TASK DIRECTIONS: What is needed is an exact transcription of the line containing "サイト「Googleアシスタ" and every line after it through the end of the entries below, with no pictures.

Source data

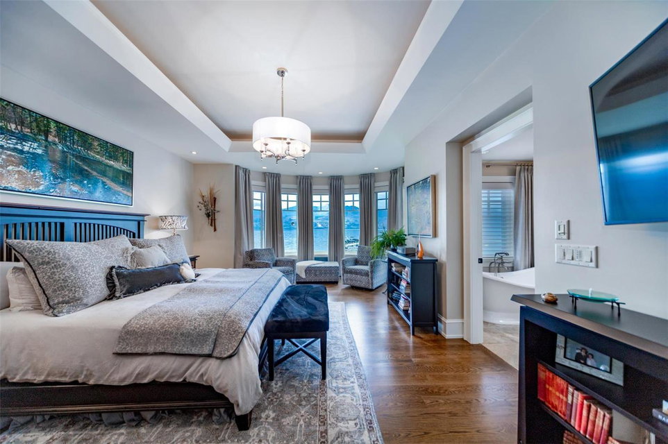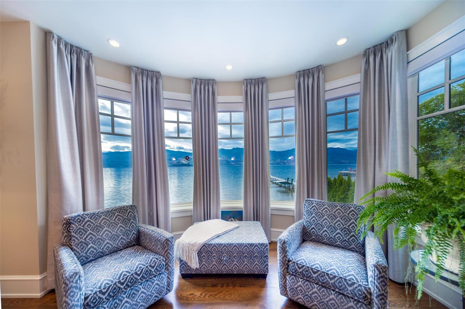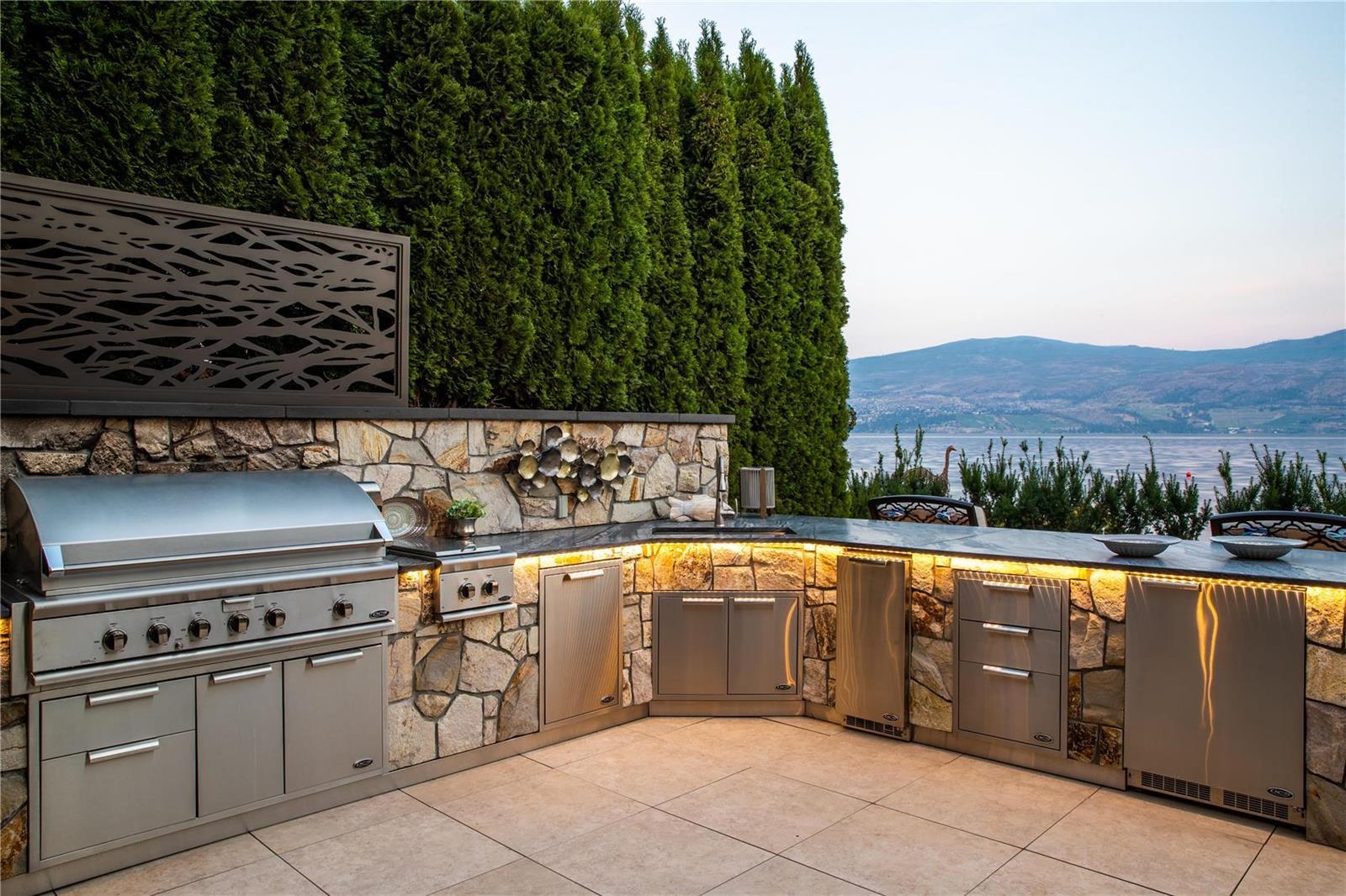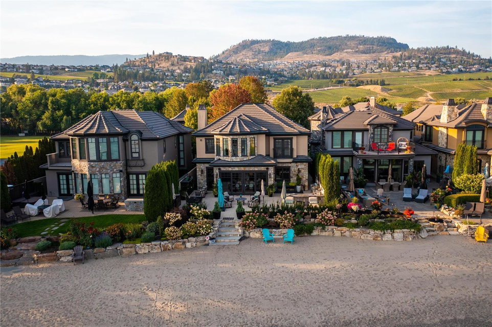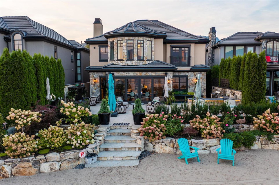 A luxurious lakefront home in the exclusive gated community of Green Bay Landing. Recently updated with exquisite luxury hotel like finishes throughout. This 3900 sq ft 4 bdrm + 4 bath custom built luxury home is the ultimate in lock and leave beachfront living. Indoor/outdoor flow with 3 sets of doors opening onto an incredible private patio featuring a stone gas f/p, outdoor kitchen, herb garden and breathtaking lake views. Private deep water boat slip w/lift + Sea Doo lift in your own marina is steps from your door across 50 of incredible, flat sandy beach. Green Bay Landing is the #1 gated community in West Kelowna with amazing neighbours and two of the best wineries/restaurants next door (Mission Hill, Quails Gate) with many more to explore in the neighborhood. The upgrades are a builders or engineers dream and include; new plumbing, custom cabinetry, granite counters, chefs appliances, flooring featuring limestone and oak, millwork, mouldings, light fixtures. Master suite with spa bath, walk-in closet, 3 guest bdrms each with their own ensuite or covert one into a home gym. Spacious office/man-cave, wine cellar, butlers pantry and mudroom. Oversized htd double garage with wonderful storage. Smart lighting/speakers, 4 zone heating/cooling, in-floor heat, alarm w/cameras make this house the ideal 2nd home or secure family home. (id:17834)
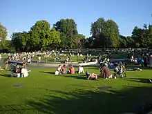 Diana was seen as a contemporary and accessible princess, so the goal of the memorial fountain was to allow people to access the structure and the water for quiet wading and contemplation. However, shortly after its opening, and after three hospitalisations caused by people slipping in the water,[10] the fountain was closed.[11] It reopened in August 2004, surrounded by a new fence, and people were prevented from walking or running in the water by six wardens.[12][13] Now, however, entering the water is once again permitted.
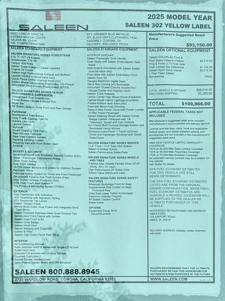 2025 Ford Mustang Saleen Yellow Label
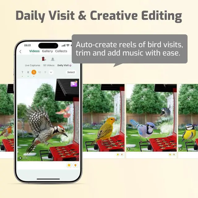 Get Instant Bird Alerts - Youll never miss a moment of the action. The Coolfly app sends a real-time notification to your phone the second a bird lands on your feeder. Every visit is automatically recorded and saved to your secure cloud, creating a personal video log of all your feathered friends that you can watch and share anytime
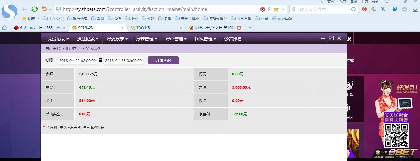 [|输单补偿] 4月22日众赢输72 |
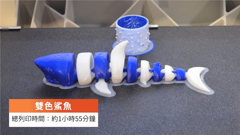 Snapmaker J1內(nèi)建3個(gè)列印物件,鯊魚模型是具備可活動(dòng)性的關(guān)節(jié)。顏色分層乾淨(jìng)沒(méi)污染。
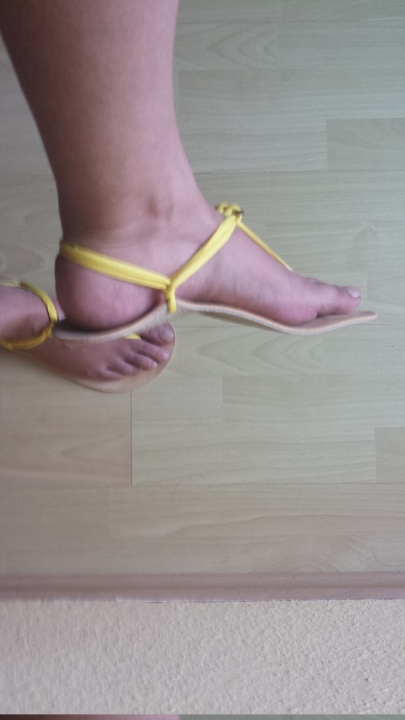 Die perfekte Bindung habe ich noch nicht heraus gefunden, auch stört das Band zwischen den Zehen und der Knoten auf der Unterseite noch ein wenig. Bin aber bislang auch nur ein paar Mal und nie länger als 2Km am Stück damit gelaufen.
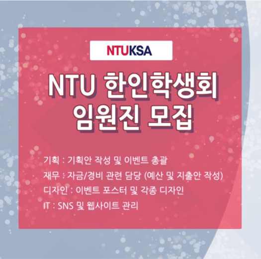 📢 NTU 한인학생회 임원진 모집 📢
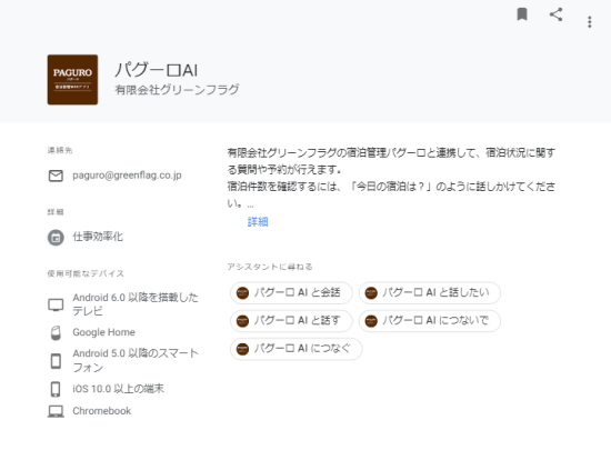 サイト「Googleアシスタント」のアプリ一覧から、「パグーロAI」を開いてください。
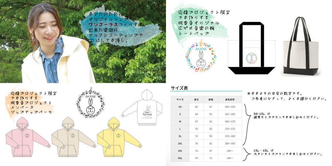 バックプリントは、プロジェクトのための明香音描き下ろしデザインを予定しています。
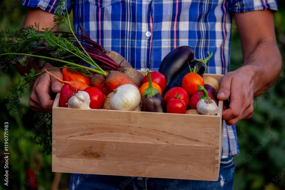 Farmer man holding vegetables in the garden. homegrown vegetables.
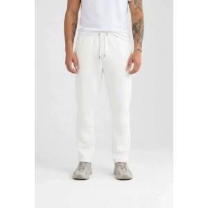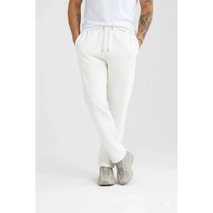 Erkek Üç iplik Kışlık Pamuklu Ovarsize Bağcıklı Düz Paça Cepli Eşofman Altı Spor Rahat Model - Beyaz
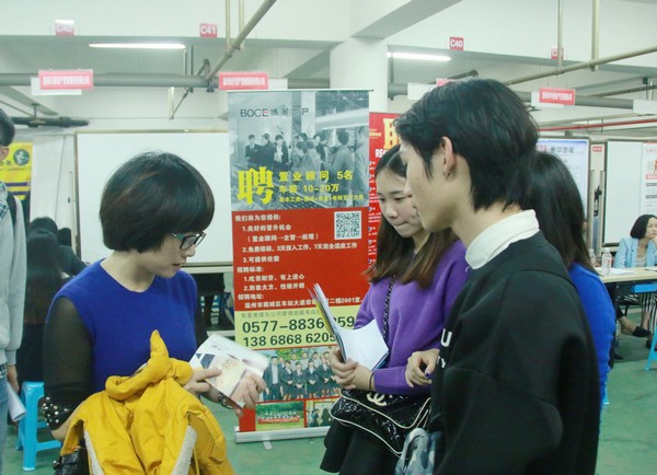 两位老师的鼓励下,同学们大胆地与用人单位交流,在紧张的招聘氛围中坦然寻觅自己合适的岗位。
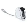 Mètre de 5 mètres avec lame métallique et mécanisme de verrouillage. Avec corps en finition transparente originale, clip métallique pour ceinture et sangle de transport, avec zone spéciale de marquage. Présenté individuellement en boîte de design kraft. Avec Frein et Clip Incluse
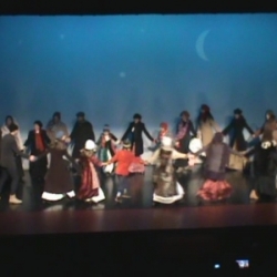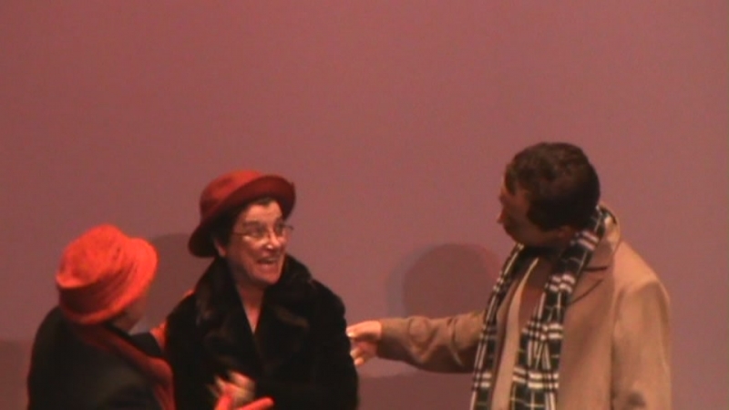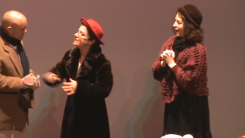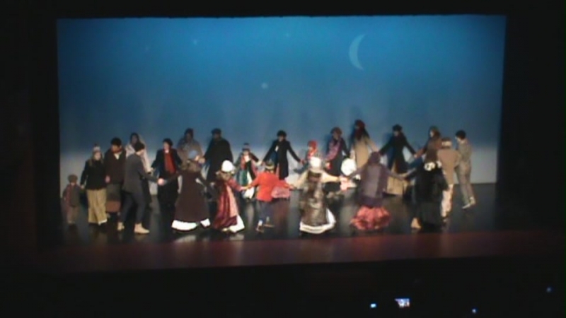 El comienzo de la comedia fue visualmente muy atractivo, con todos los componentes del Aula de Teatro, paseando y luciendo unas prendas de invierno muy acordes con la temperatura fría que dice la novela hacía.

REPLY:
 サイト「Googleアシスタント」のアプリ一覧から、「パグーロAI」を開いてください。
 バックプリントは、プロジェクトのための明香音描き下ろしデザインを予定しています。
 Farmer man holding vegetables in the garden. homegrown vegetables.
 Erkek Üç iplik Kışlık Pamuklu Ovarsize Bağcıklı Düz Paça Cepli Eşofman Altı Spor Rahat Model - Beyaz
 两位老师的鼓励下,同学们大胆地与用人单位交流,在紧张的招聘氛围中坦然寻觅自己合适的岗位。
 Mètre de 5 mètres avec lame métallique et mécanisme de verrouillage. Avec corps en finition transparente originale, clip métallique pour ceinture et sangle de transport, avec zone spéciale de marquage. Présenté individuellement en boîte de design kraft. Avec Frein et Clip Incluse
 El comienzo de la comedia fue visualmente muy atractivo, con todos los componentes del Aula de Teatro, paseando y luciendo unas prendas de invierno muy acordes con la temperatura fría que dice la novela hacía.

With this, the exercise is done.